Finally, this 2,858 × 2,858 Jaccard distance matrix was dimensionality reduced to a 2858 × 29 matrix of principal component variates, using axes 2 through 30 calculated by princomp in the R base stats package (R Core Team, 2018). We omitted principal component 1 because it was highly correlated to quality control metrics, suggesting that this axis primarily reflected library quality (Figures S2B-S2D). Principal components beyond 30 contain little cell type information, so excluding them represents a de-noising step (Figure S2A). These resulting 29 PCs are used to call nuclear clusters and to visualize them using tSNE.

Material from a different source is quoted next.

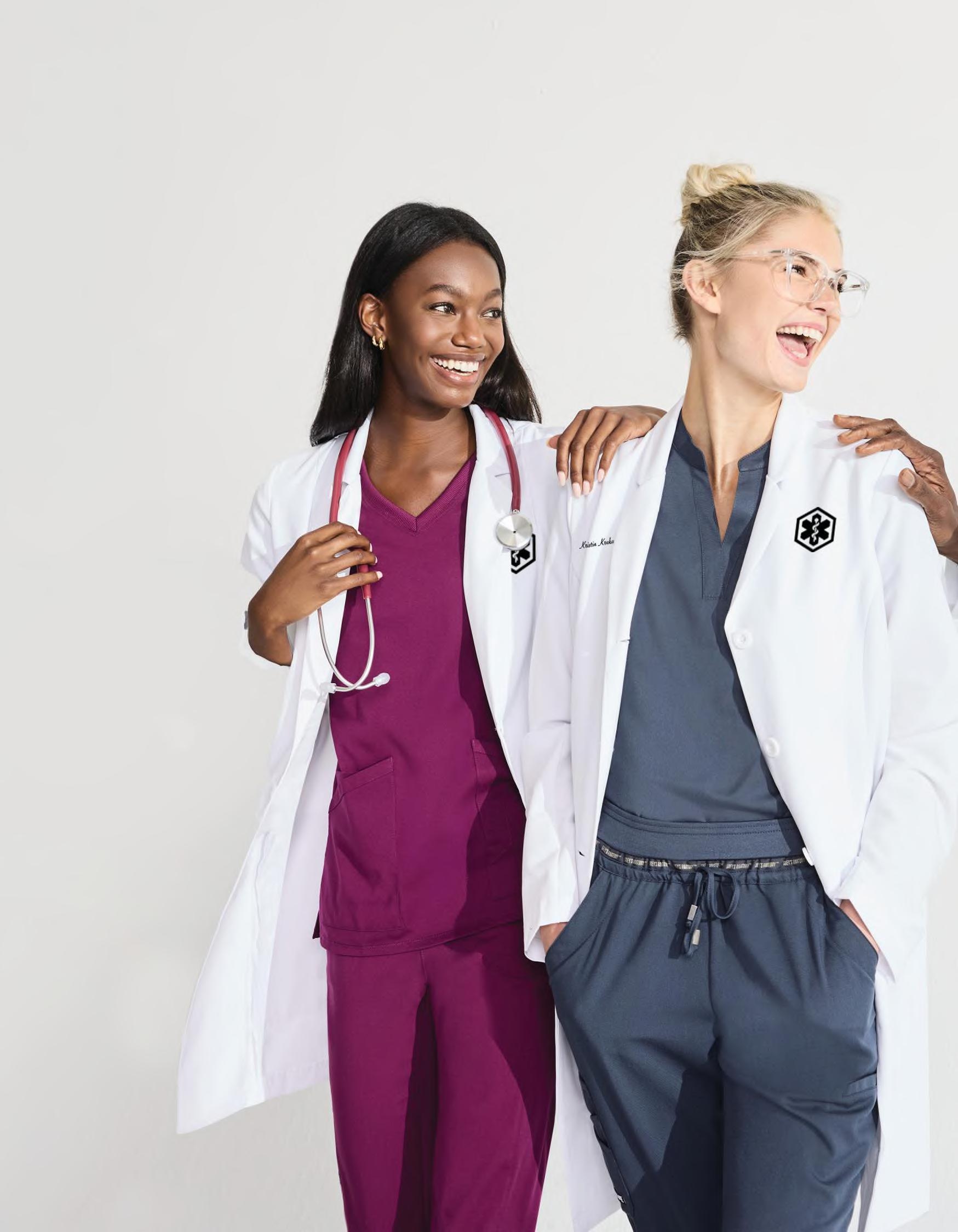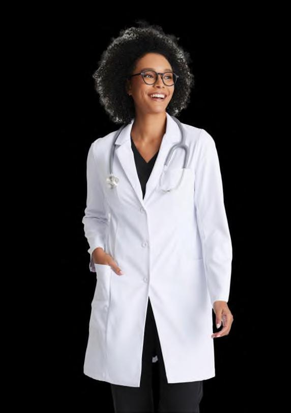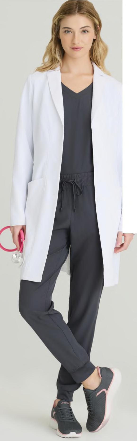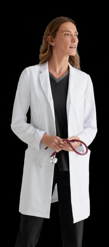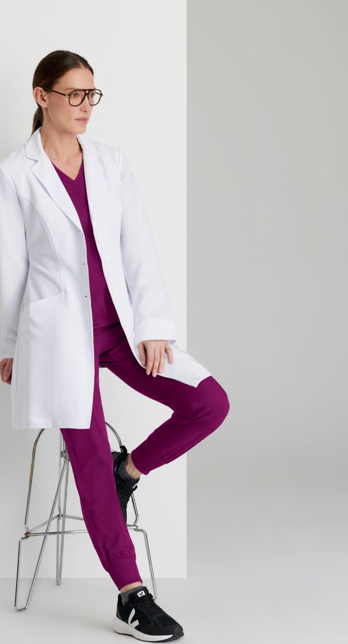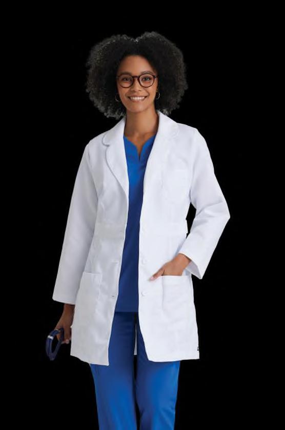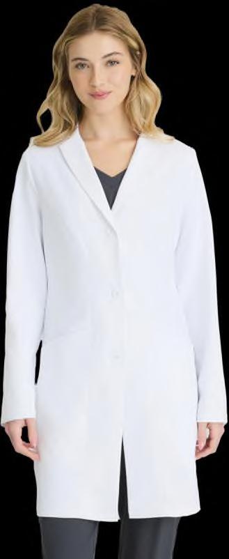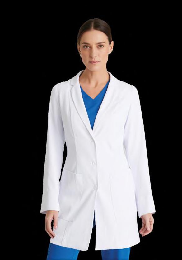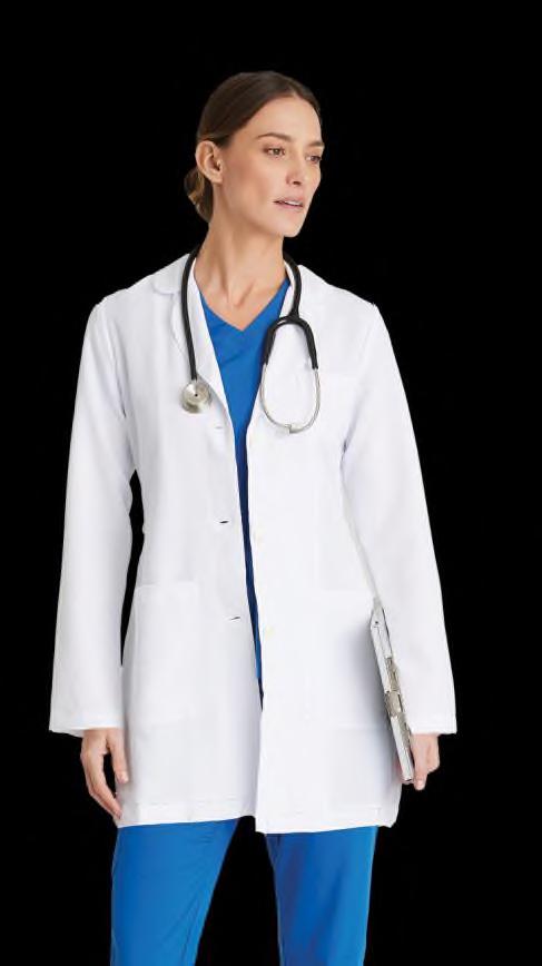 Bata de laboratorio moderna de manga larga con tres bolsillos para mujer, solapa con abertura, costuras princesa en la parte delantera, bolsillos en la cintura con acceso superior aptos para tabletas y ranuras interiores para bolígrafos, abertura central en la espalda, puños con aberturas, lazo para colgar y etiqueta en el bolsillo

To call cell clusters on this 2,858 × 29 principal component matrix, we bootstrapped an iterated PCA then Jaccard-Louvain clustering technique using k = 15 nearest neighbors (after testing k = 5,10,15,20, and finding 15 to give best visual separation of clusters on tSNE coordinates). We repeated each bootstrapping round 200 times, each time including only 80% (2,286) of the nuclei, then performing PCA and using components 2 through 30 for Jaccard-Louvain clustering. Finally, we tabulated the frequency with which each nucleus co-clusters with every other nucleus. This co-clustering frequency matrix was then hierarchically clustered by Euclidean distances, and 27 cell type clusters were called by manually cutting the tree using idendr0 (https://github.com/tsieger/idendr0) to represent visually apparent co-clustered blocks of nuclei (Figure S2E, left). Manual tree-cutting outperformed automatic tree cutting with cutree in the R stats package using either branch height or cluster number specified, likely since clusters have nonuniform separation and tightness.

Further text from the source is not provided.